Top of Given data
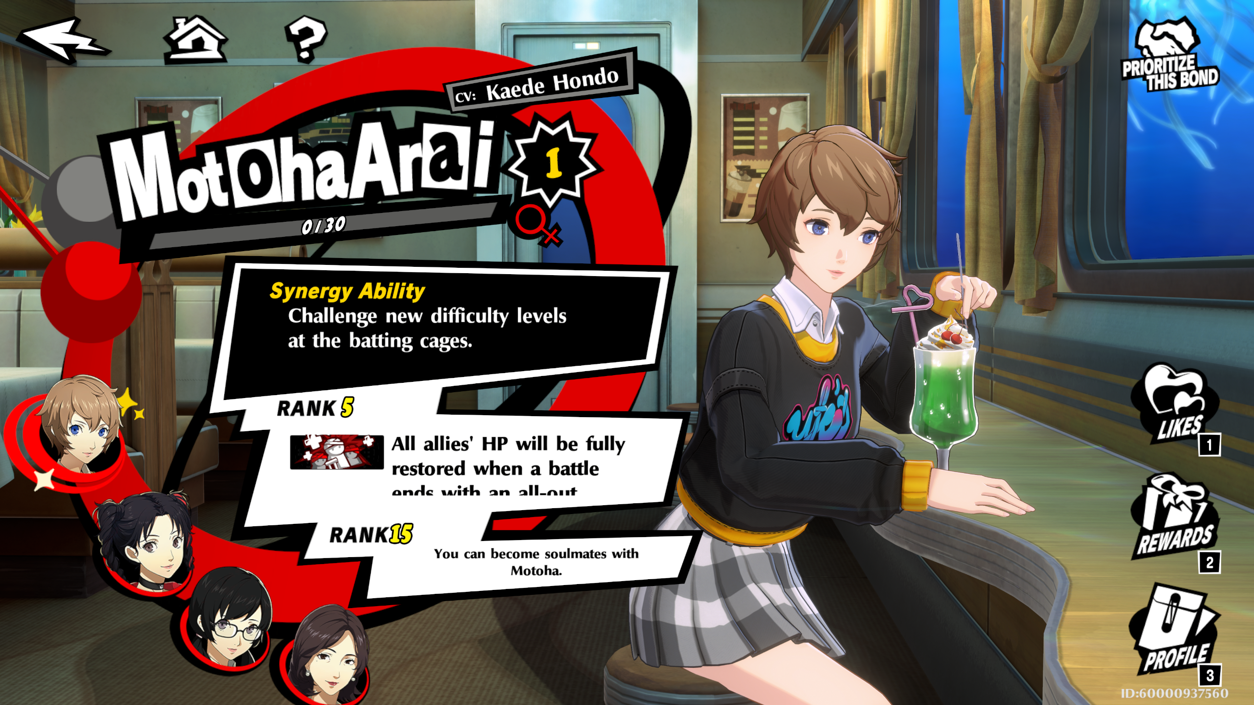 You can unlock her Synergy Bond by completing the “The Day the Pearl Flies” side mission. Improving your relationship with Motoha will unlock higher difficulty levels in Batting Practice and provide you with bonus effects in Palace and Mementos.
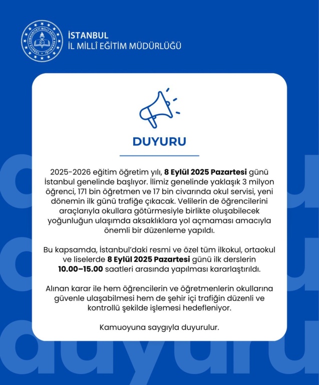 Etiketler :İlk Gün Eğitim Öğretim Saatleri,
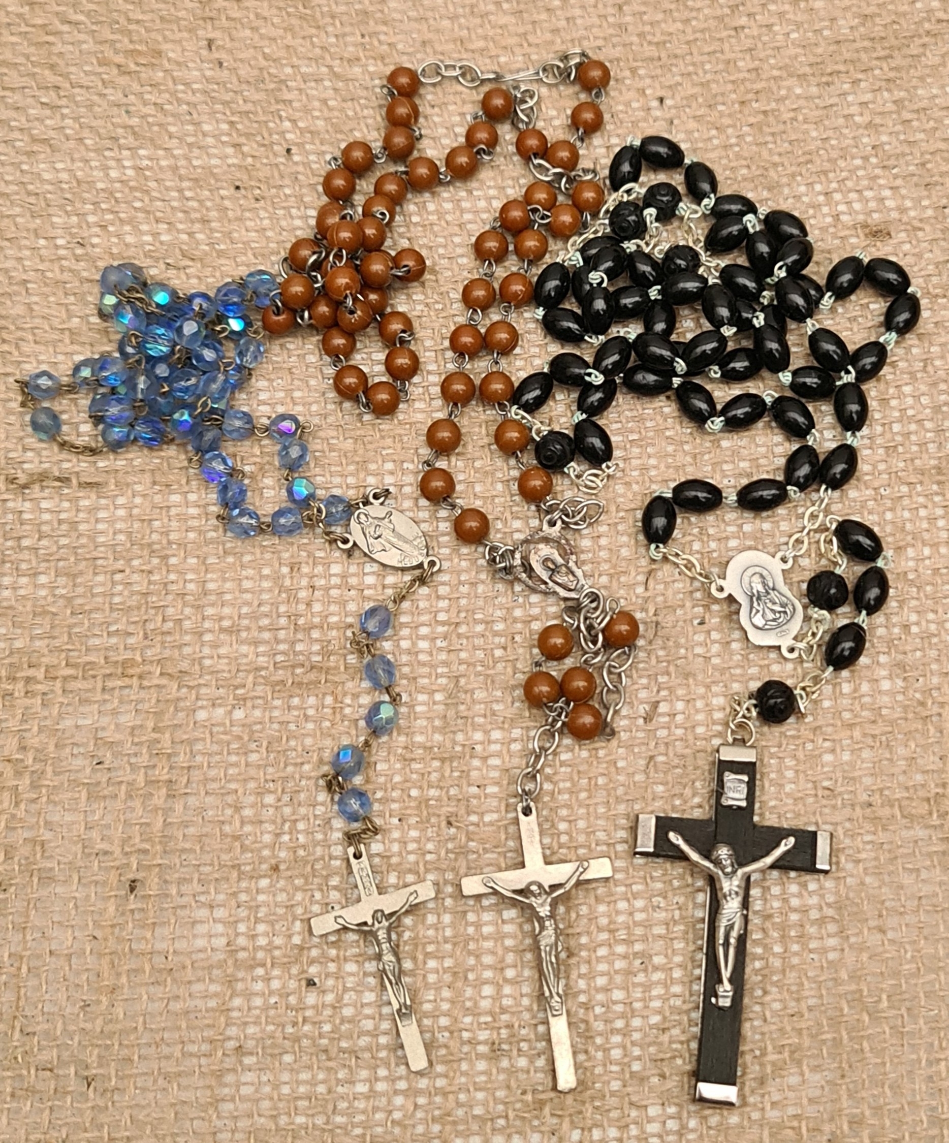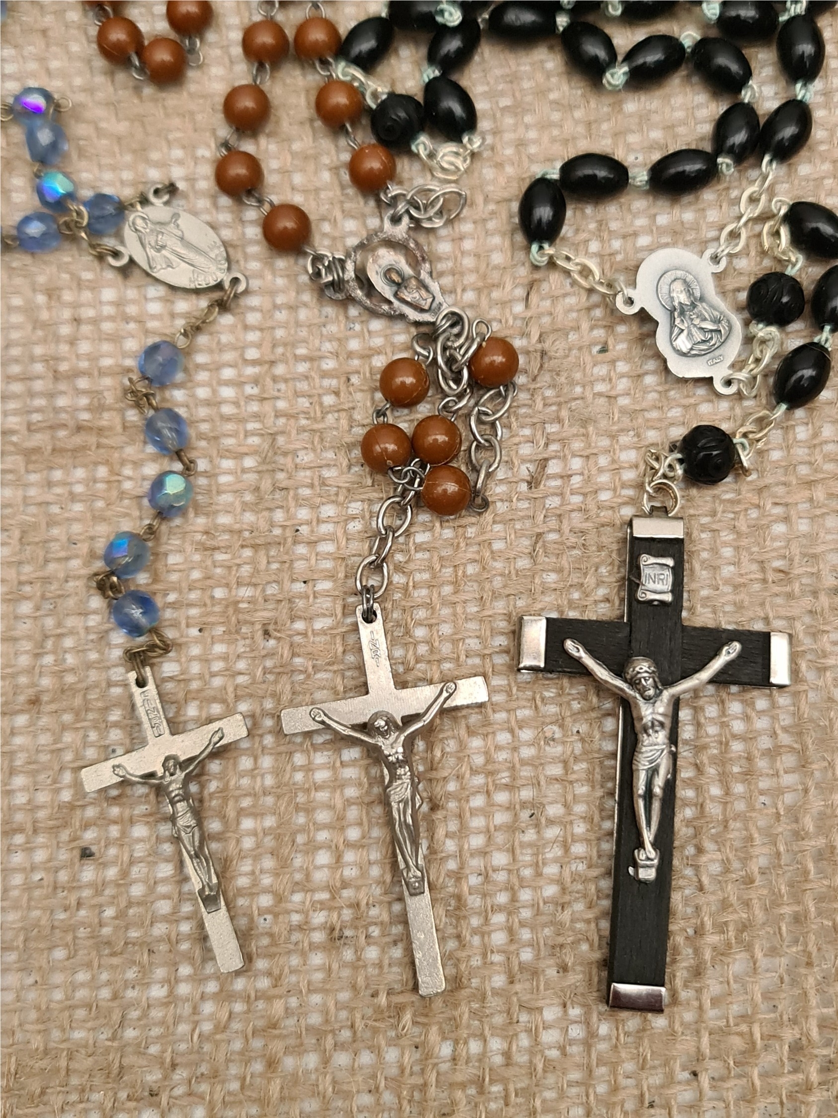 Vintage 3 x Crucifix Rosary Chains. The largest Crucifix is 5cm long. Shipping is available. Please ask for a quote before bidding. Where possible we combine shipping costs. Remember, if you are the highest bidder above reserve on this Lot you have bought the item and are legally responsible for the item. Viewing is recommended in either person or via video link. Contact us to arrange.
Bottom of Given data
Top of Given data
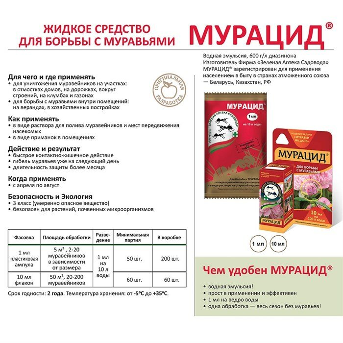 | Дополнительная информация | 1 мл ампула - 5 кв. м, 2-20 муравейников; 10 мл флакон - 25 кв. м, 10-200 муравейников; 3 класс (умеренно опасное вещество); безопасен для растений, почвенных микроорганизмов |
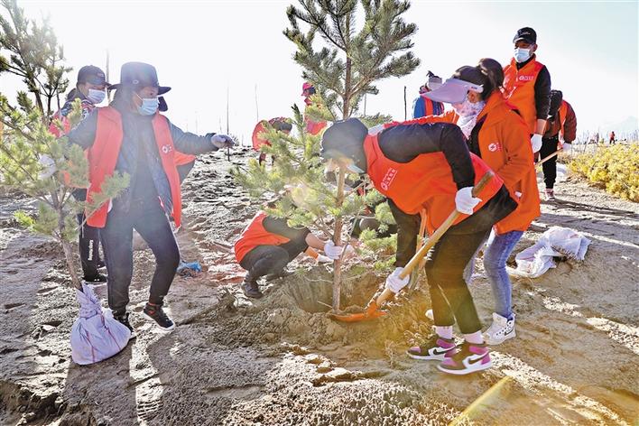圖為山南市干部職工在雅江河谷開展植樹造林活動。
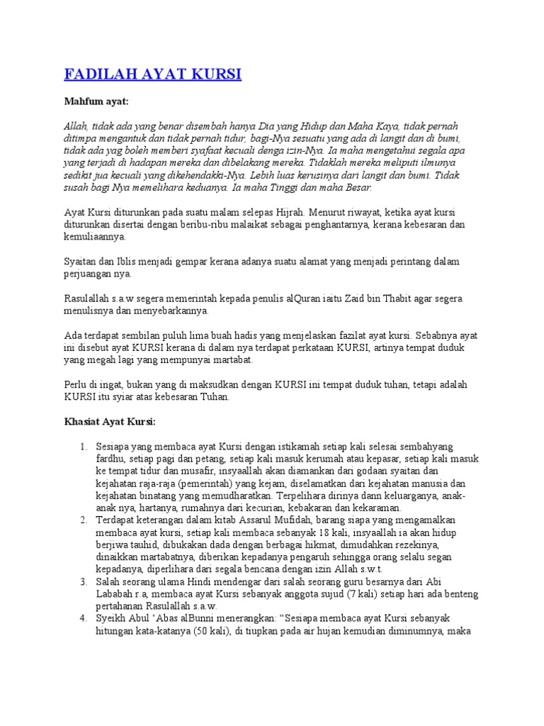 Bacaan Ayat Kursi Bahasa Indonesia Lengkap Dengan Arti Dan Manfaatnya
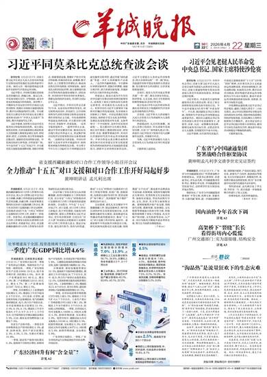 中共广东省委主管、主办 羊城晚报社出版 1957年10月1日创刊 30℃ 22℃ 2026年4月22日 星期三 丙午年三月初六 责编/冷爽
Bottom of Given data
Top of Given data
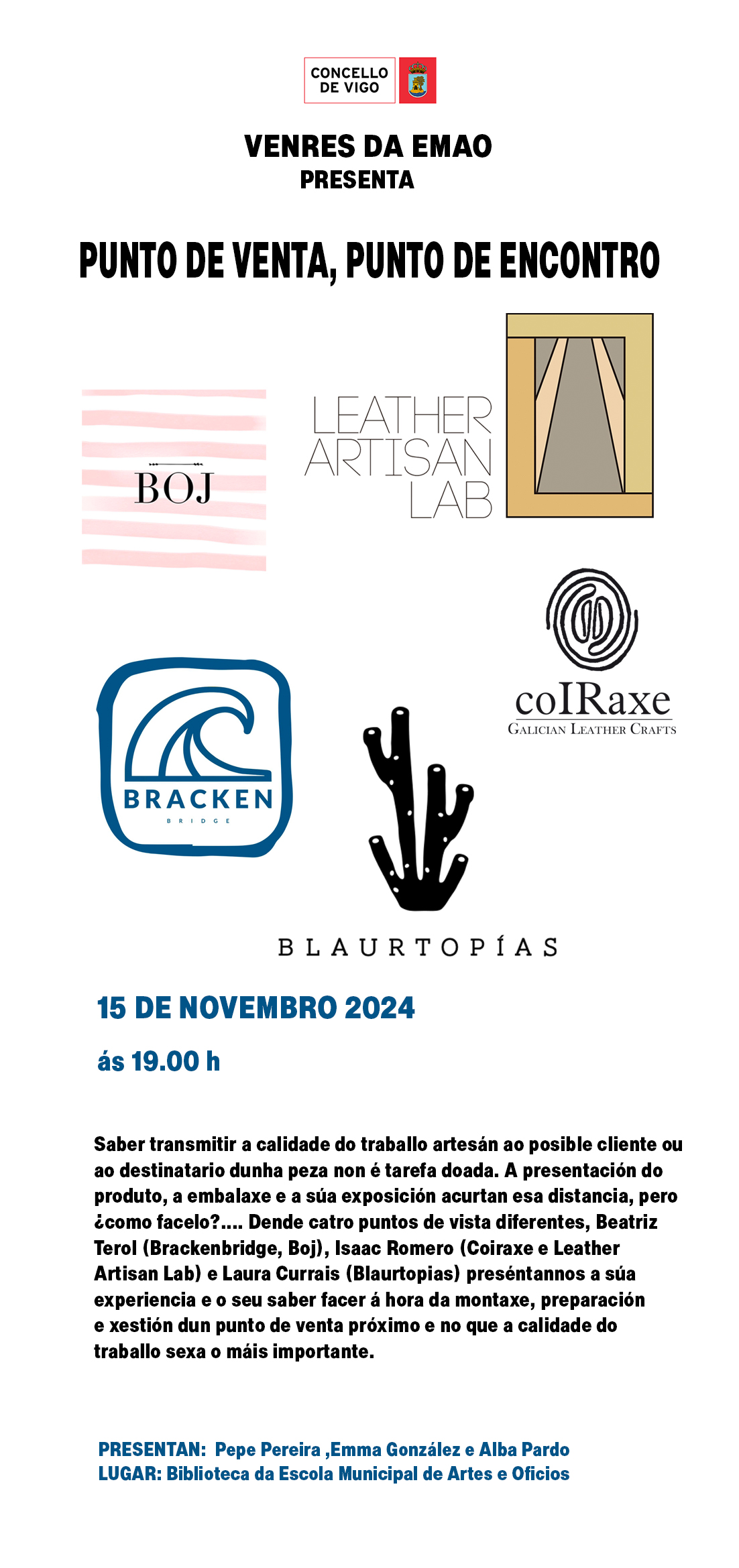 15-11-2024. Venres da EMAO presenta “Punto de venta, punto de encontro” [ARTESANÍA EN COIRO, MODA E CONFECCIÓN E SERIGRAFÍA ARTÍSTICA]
Bottom of Given data
Above are records with pictures. Reproduce exactly only the lines from the line with "You can unlock" through the line with "Vintage 3 x", both ends included, and leave the pictures out.

 You can unlock her Synergy Bond by completing the “The Day the Pearl Flies” side mission. Improving your relationship with Motoha will unlock higher difficulty levels in Batting Practice and provide you with bonus effects in Palace and Mementos.
 Etiketler :İlk Gün Eğitim Öğretim Saatleri,
 Vintage 3 x Crucifix Rosary Chains. The largest Crucifix is 5cm long. Shipping is available. Please ask for a quote before bidding. Where possible we combine shipping costs. Remember, if you are the highest bidder above reserve on this Lot you have bought the item and are legally responsible for the item. Viewing is recommended in either person or via video link. Contact us to arrange.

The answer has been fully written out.